SCHÖNEGG, VORDERWEIßENBACH. Einstimmig hat der Gemeinderat am Donnerstag beschlossen, mit der Gemeinde Vorderweißenbach fusionieren zu wollen. Diese Entschlossenheit hatte sich bereits abgezeichnet, nachdem zuvor 70 Prozent der Schönegger in einer Befragung für eine Fusion mit Vorderweißenbach gestimmt hatten. Der Zeitplan für die Fusion ist ambitioniert. "Wir gehen davon aus, dass die Fusion mit 1. Jänner 2018 über die Bühne gehen wird", sagt Schöneggs Bürgermeister Peter Pagitsch. "Der Ball liegt derzeit beim Land, wir haben den Grundsatzbeschluss weitergeleitet", sagt er zum aktuellen Stand der Dinge.

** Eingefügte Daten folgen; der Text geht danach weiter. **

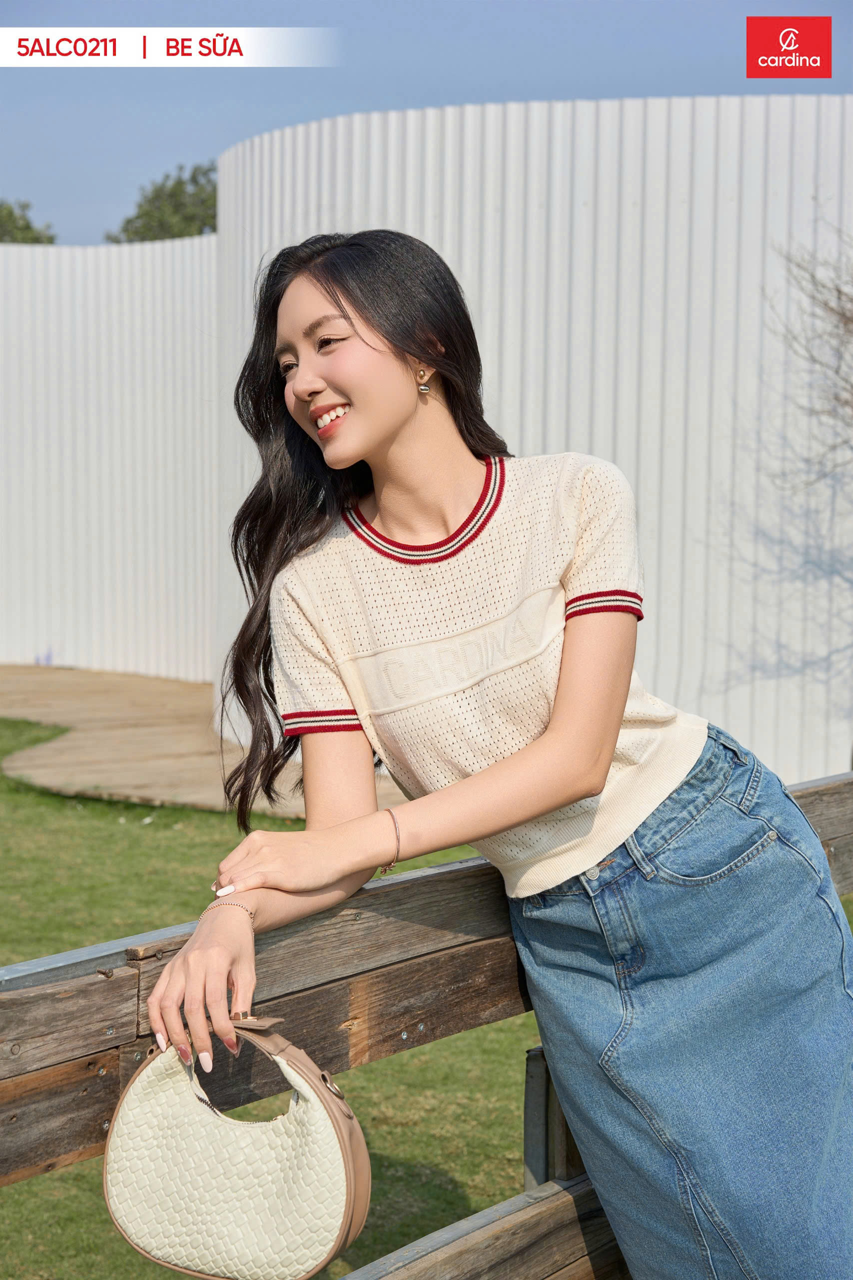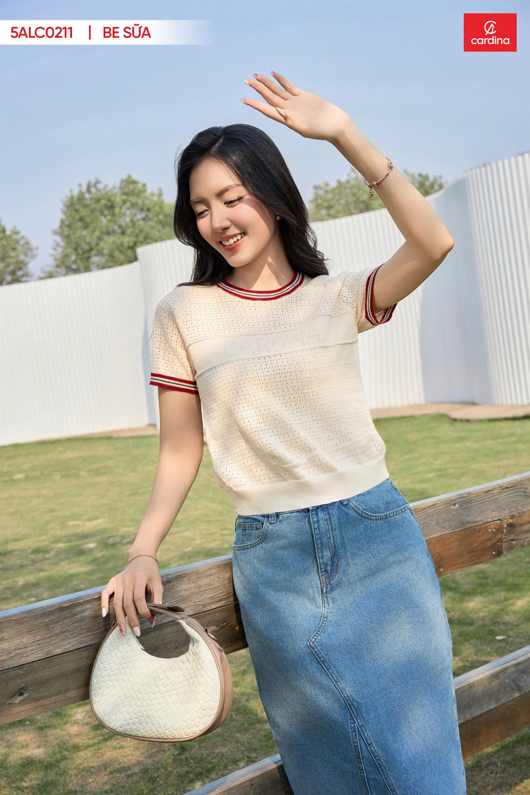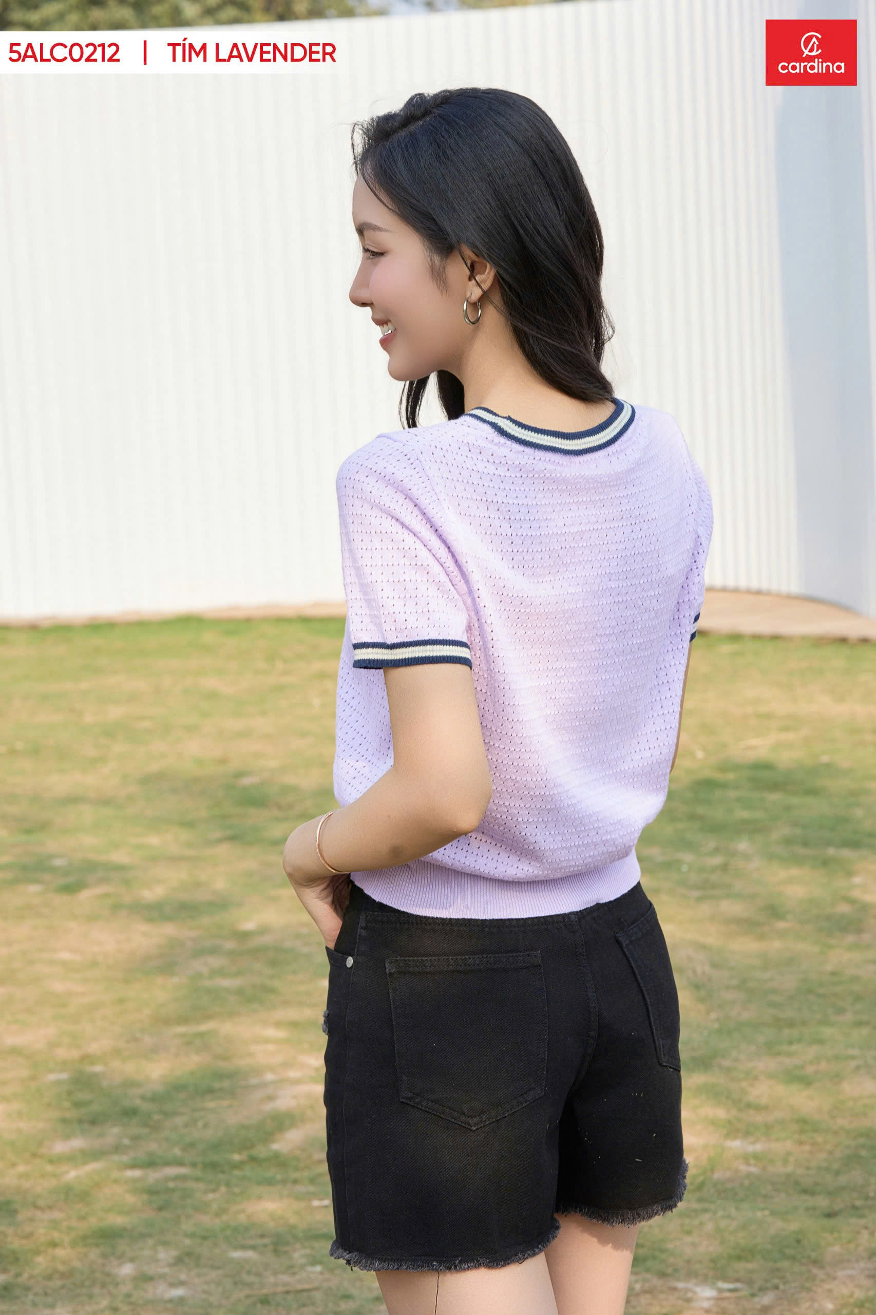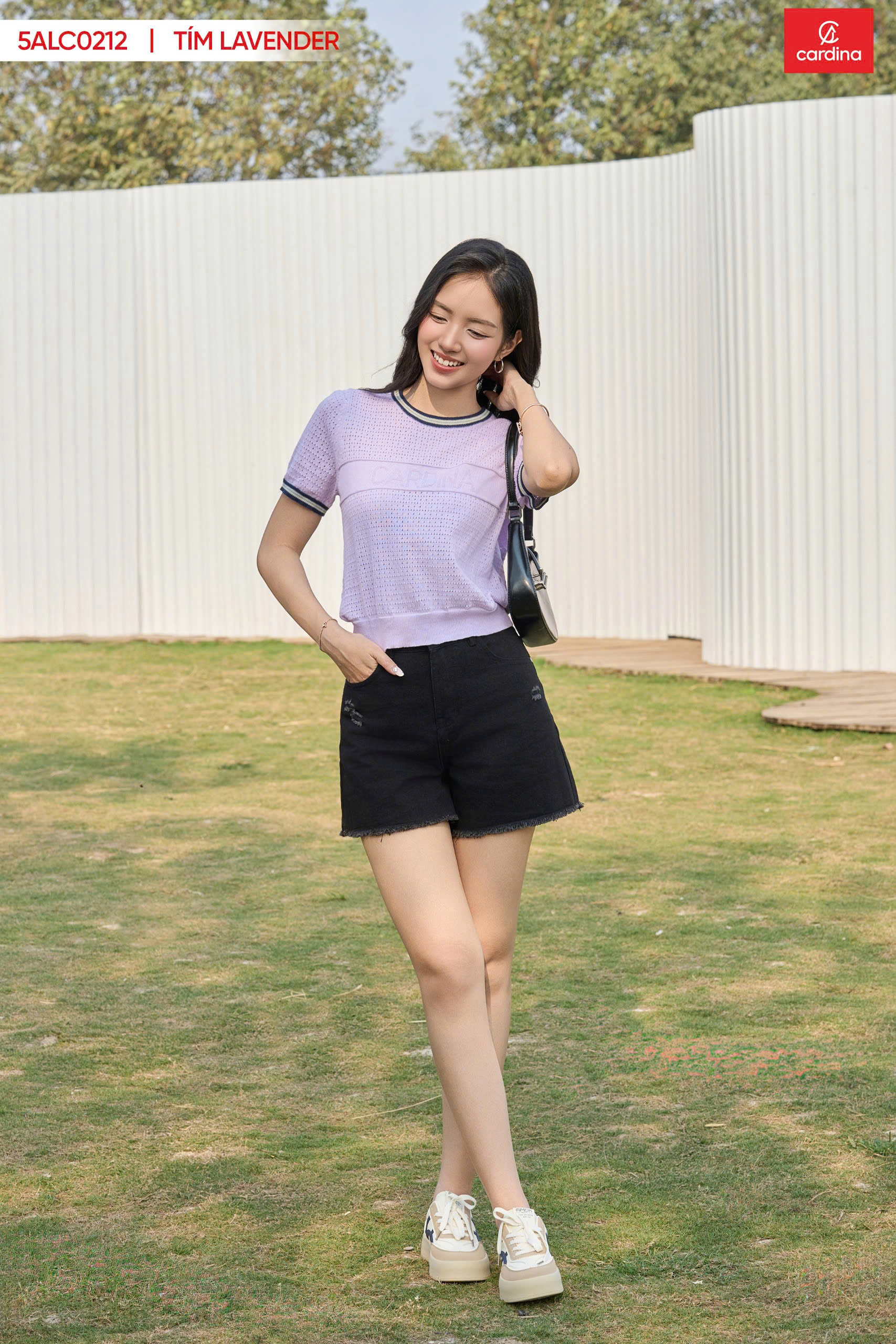 - Dáng áo bo gấu tay ngắn, cổ tròn trẻ trung, năng động.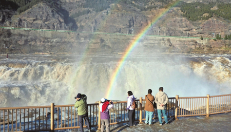 12月3日,游客在吉县黄河壶口瀑布欣赏“双彩虹”景观。初冬时节,受上游水库调节放水影响,黄河壶口瀑布水量增大,飞溅的水雾经阳光照射,形成季节特有的“双彩虹”景观,吸引了众多游客驻足观赏。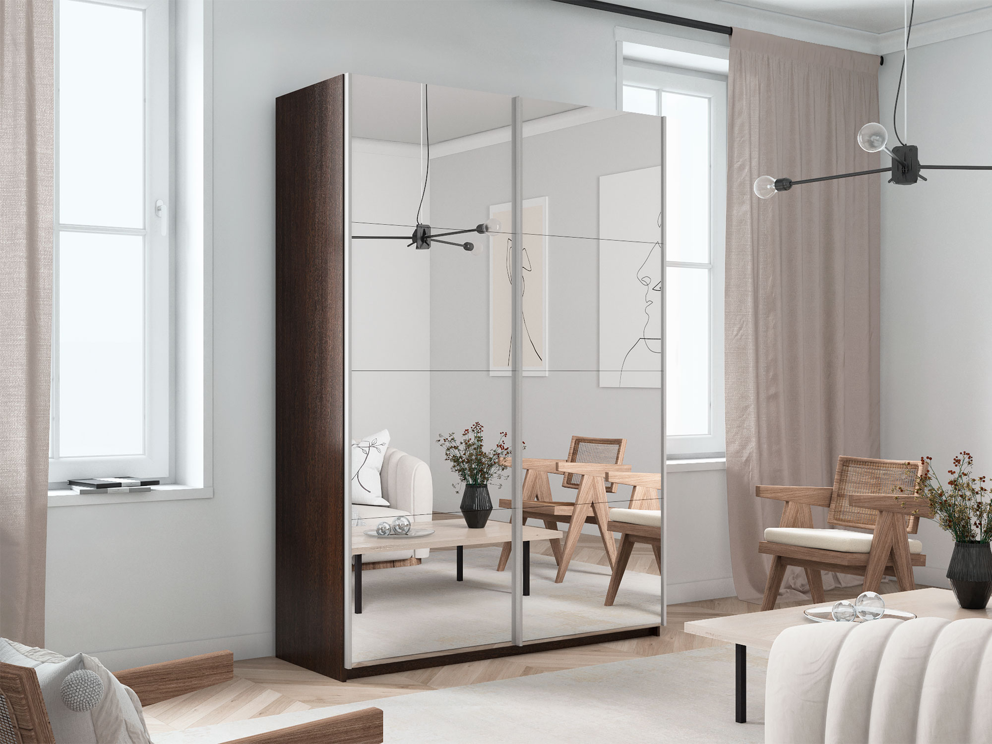 - Шкаф-купе Прайм 2-х дверный 1600 два зеркала Венге
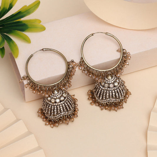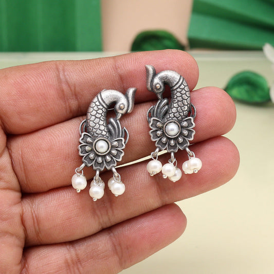 Antique White Color Oxidised Earrings For Ethnic Outfit Styling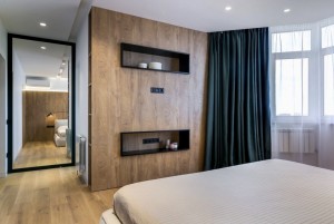 Выполнен современный авторский ремонт. Отделка из премиальных материалов (дерево, камень, медь), уникальные элементы декора выполнены по эскизам. Двойная звукоизоляция потолков и стен. Паркетная доска дуб: Woodheart Укомплектована необходимой мебелью и техникой: Кухня: Bosch, Whirlpool. Сплит система кондиционирования Daikin Мебель (диван, кровать) Interia Подогревы полов: с цифровыми регуляторами DEVI Сантехника: Willeroy&Bosch;, Kludi, Hansgroe.

Das Land müsse sich nun mit der Verlegung der Bezirksgrenzen auseinandersetzen. Erst dann käme noch jede Menge Arbeit auf die Verantwortlichen in Schönegg zu. "Es wird noch Verhandlungen mit diversen Verbänden geben müssen. Auch bei der Gebührenordnung gibt es noch offene Fragen", denkt Pagitsch weiter.

Wall trauert Lösung nach

Zu wenig weit gedacht haben die Verantwortlichen in der Helfenberger Region, laut Landtagsabgeordneter Ulrike Wall (FPÖ). "Ich finde es schade, dass wir keine Lösung innerhalb des Bezirks Rohrbach zusammengebracht haben", sagt sie. Zwischen den Gemeinden Helfenberg und Ahorn zeichnet sich ebenfalls eine Fusion ab.

Afiesl filetieren?

Wall fürchtet, dass das Gemeindegebiet von Afiesl auf die Nachbargemeinden aufgeteilt werden könnte. Von Landesrat Max Hiegelsberger heißt es dazu: "Auch wenn eine Fusion mit einzelnen Ortsteilen auf den ersten Blick ungewöhnlich erscheinen mag, gilt es immer dem Wunsch der Bürgerinnen und Bürger zu entsprechen. Die Gemeinden sind bemüht, alltagstaugliche und praktische Lösungen anzubieten, die der Lebenswelt der Gemeindebürgerinnen und -bürger entsprechen. Die Bürgerinnenbefragung wird Klarheit bringen."

Helfenberg benachteiligt

Eine Aufteilung Afiesls würde laut Wall dazu führen, dass der Großteil der steuerbringenden Arbeitsplätze nach St. Stefan oder Vorderweißenbach abwandert. Insbesondere Helfenberg, das mit Schulen, Kindergarten und Freizeiteinrichtungen einen wesentlichen Teil der Infrastruktur für die Region zur Verfügung stellt, würde darunter nachhaltig leiden", glaubt sie. Sie hat Landeshauptmann Thomas Stelzer in einem Brief gebeten, lenkend einzugreifen, um der finanziell und strukturell benachteiligten Region Helfenberg eine positive Entwicklung zu ermöglichen.

Zur Sache:

Einigkeit herrscht wider erwarten bei der Feuerwehr: Schönegg und PIberschlag wechseln vom Abschnitt Rohrbach in den Abschnitt Leonfelden.